* PROBLEM DETAILS
The expected output is a copy of every line in the records with the string "easy".
※
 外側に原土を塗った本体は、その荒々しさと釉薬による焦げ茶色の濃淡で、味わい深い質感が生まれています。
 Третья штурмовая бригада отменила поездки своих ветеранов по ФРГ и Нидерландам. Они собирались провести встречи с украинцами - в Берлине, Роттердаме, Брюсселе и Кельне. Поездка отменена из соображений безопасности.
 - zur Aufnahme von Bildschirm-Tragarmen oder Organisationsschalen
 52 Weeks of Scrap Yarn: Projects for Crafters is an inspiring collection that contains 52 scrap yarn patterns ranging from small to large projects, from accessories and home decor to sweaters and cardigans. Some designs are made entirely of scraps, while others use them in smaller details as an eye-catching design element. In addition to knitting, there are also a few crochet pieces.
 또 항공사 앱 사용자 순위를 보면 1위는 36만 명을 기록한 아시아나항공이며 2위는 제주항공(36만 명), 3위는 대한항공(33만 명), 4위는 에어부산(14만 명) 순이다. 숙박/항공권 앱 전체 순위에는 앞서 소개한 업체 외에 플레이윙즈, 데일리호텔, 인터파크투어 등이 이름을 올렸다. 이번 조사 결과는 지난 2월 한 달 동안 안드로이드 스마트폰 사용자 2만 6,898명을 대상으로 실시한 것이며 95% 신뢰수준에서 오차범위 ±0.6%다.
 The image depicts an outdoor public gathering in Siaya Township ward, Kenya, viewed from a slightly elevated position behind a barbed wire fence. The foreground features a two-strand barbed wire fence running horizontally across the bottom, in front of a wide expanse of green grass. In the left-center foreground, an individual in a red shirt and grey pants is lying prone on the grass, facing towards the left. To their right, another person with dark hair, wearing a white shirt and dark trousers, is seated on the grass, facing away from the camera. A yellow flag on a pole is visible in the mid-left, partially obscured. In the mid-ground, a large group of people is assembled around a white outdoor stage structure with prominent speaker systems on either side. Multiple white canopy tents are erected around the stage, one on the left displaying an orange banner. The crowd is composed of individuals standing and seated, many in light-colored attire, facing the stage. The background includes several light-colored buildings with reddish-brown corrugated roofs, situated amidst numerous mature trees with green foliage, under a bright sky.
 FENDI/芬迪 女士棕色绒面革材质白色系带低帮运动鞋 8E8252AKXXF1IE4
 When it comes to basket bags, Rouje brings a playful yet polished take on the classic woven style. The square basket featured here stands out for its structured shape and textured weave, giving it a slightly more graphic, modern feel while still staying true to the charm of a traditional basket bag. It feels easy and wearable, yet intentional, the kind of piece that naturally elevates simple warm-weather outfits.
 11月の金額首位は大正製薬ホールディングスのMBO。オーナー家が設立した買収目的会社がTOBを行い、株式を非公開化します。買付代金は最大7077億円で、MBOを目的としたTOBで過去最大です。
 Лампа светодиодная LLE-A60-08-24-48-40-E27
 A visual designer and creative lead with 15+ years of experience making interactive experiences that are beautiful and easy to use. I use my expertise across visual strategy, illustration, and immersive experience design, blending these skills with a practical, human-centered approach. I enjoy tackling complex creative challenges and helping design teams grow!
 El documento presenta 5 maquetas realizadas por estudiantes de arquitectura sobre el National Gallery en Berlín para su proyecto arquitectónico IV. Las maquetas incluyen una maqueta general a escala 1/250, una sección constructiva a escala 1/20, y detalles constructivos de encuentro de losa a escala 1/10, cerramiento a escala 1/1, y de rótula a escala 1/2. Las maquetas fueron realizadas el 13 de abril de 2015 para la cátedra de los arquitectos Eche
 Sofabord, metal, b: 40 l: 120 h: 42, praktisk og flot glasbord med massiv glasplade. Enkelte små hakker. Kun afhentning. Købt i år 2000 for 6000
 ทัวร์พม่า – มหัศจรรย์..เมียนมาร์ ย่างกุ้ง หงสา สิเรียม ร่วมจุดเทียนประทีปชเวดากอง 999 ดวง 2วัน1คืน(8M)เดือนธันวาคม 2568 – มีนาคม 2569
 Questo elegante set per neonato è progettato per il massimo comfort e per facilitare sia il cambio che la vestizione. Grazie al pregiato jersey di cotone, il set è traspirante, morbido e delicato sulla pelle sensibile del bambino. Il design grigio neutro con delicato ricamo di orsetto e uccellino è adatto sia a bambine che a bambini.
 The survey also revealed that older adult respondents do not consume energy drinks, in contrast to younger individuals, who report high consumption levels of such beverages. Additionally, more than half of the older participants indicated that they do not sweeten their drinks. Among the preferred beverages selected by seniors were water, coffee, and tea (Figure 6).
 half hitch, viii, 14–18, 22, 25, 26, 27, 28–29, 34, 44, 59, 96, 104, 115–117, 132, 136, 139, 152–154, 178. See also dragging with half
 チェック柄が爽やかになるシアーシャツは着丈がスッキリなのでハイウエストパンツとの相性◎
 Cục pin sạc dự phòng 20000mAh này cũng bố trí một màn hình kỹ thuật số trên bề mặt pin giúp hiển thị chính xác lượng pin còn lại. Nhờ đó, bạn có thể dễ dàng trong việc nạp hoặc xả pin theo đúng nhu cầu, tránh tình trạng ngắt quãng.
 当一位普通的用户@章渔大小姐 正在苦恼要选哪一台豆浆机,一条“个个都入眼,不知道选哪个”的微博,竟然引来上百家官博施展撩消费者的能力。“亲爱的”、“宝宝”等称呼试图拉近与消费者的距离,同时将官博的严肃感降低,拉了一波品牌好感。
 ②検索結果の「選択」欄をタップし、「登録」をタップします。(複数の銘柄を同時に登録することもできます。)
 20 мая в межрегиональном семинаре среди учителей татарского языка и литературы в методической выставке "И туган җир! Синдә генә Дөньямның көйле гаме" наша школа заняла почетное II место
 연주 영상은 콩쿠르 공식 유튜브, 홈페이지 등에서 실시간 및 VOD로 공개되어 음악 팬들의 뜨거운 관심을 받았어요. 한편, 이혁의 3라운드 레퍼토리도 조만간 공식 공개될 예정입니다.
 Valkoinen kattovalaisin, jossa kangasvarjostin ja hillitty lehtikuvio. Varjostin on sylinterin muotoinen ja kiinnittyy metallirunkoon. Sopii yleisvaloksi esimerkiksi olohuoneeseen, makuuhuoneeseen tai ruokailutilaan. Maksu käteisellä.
※
* ANSWER BELOW
 When it comes to basket bags, Rouje brings a playful yet polished take on the classic woven style. The square basket featured here stands out for its structured shape and textured weave, giving it a slightly more graphic, modern feel while still staying true to the charm of a traditional basket bag. It feels easy and wearable, yet intentional, the kind of piece that naturally elevates simple warm-weather outfits.
 A visual designer and creative lead with 15+ years of experience making interactive experiences that are beautiful and easy to use. I use my expertise across visual strategy, illustration, and immersive experience design, blending these skills with a practical, human-centered approach. I enjoy tackling complex creative challenges and helping design teams grow!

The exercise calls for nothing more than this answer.